Compreendendo que ele não tinha medo de mim, recomecei a comer neve. O pássaro inclinou a cabeça, fitou-me com as contas pretas dos olhos e de súbito, como se estivesse farto de mim, abriu as asas e foi-se embora. E eu, a descansar na rocha áspera, inclinado para a frente e com as mãos dormentes da neve, esperei pelo alvorecer e recordei a noite toda numa sinopse violenta e incompleta — Thurber e as suas palavras, o silêncio entre Olaf e mim, o panorama da cidade, a névoa vermelha e as aberturas na névoa feitas por funis de luz, rajadas de ar quente, a inalação e exalação de um milhão, os largos suspensos, alamedas, avenidas, arranha-céus com asas de fogo, os diferentes níveis com cores diferentes, a desinspirada conversa com o pássaro na passagem e eu a comer neve… E todas estas imagens eram e não eram imagens, como às vezes nos sonhos, eram simultaneamente uma recordação e a tentativa de evitar aquilo em que não ousava tocar.
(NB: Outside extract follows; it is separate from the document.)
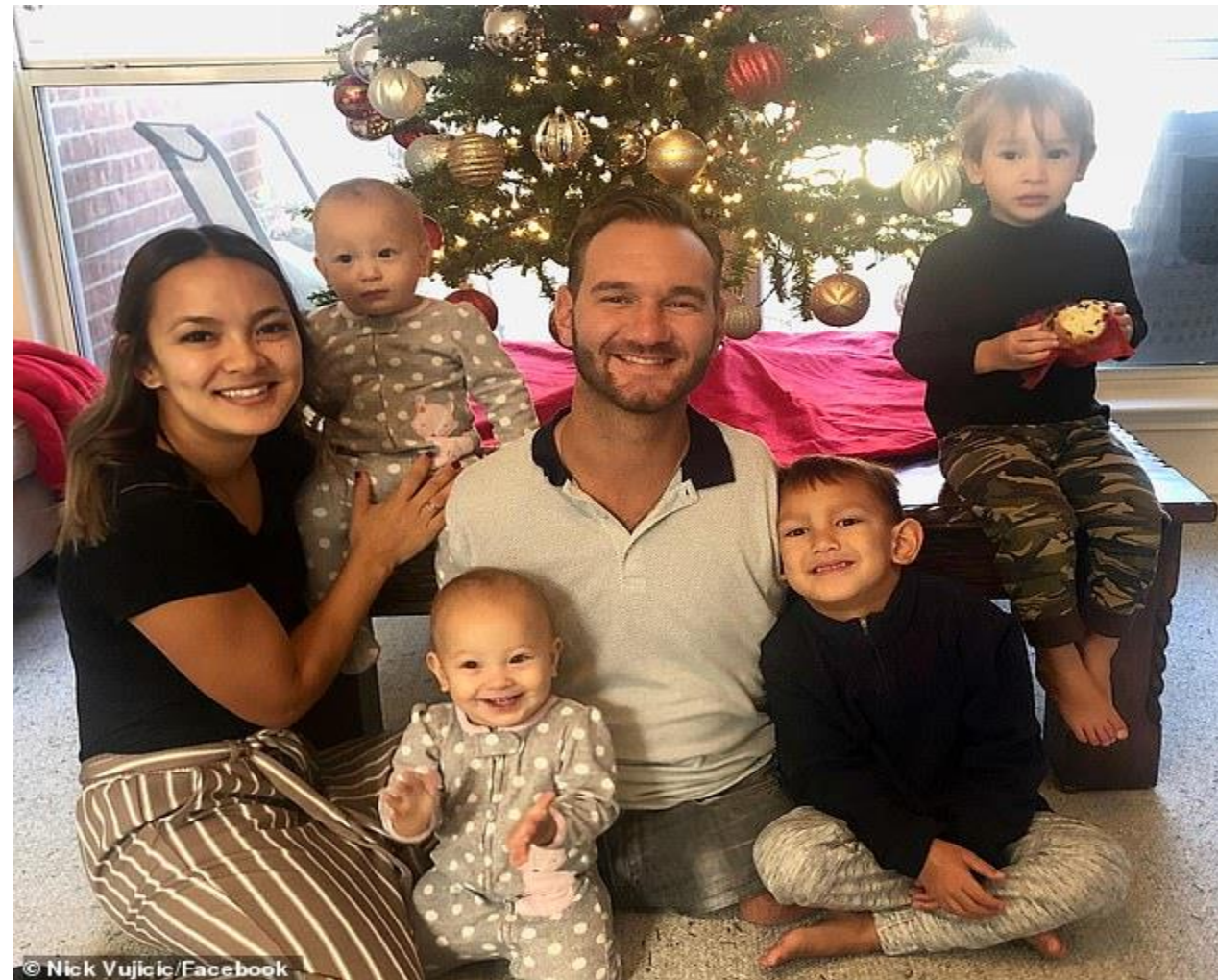
Nick Vujicic World Wide Evangelist Life without Limbs Ministry

Porque, de princípio a fim, eu tinha de encontrar em mim próprio uma aceitação do que não podia aceitar. Mas isso tinha sido antes, como num sonho. Agora, de cabeça desanuviada e atento, à espera do dia, num ar quase prateado e na presença, que lentamente se revelava, das encostas das montanhas, dos sulcos na rocha e do cascalho, que emergiam da noite em silenciosa confirmação da realidade do meu regresso, eu, sozinho mas não um estranho à Terra, agora sujeito a ela e às suas leis, pude pela primeira vez, sem protesto nem mágoa, pensar naqueles que iam partir para o tosão de ouro das estrelas…
A neve do cume incendiou-se de ouro e branco, sobressaiu das sombras purpúreas do vale, sobressaiu poderosa e eterna, e eu, sem fechar os olhos cheios de lágrimas, levantei-me devagar e comecei a caminhar através das pedras para sul, para minha casa.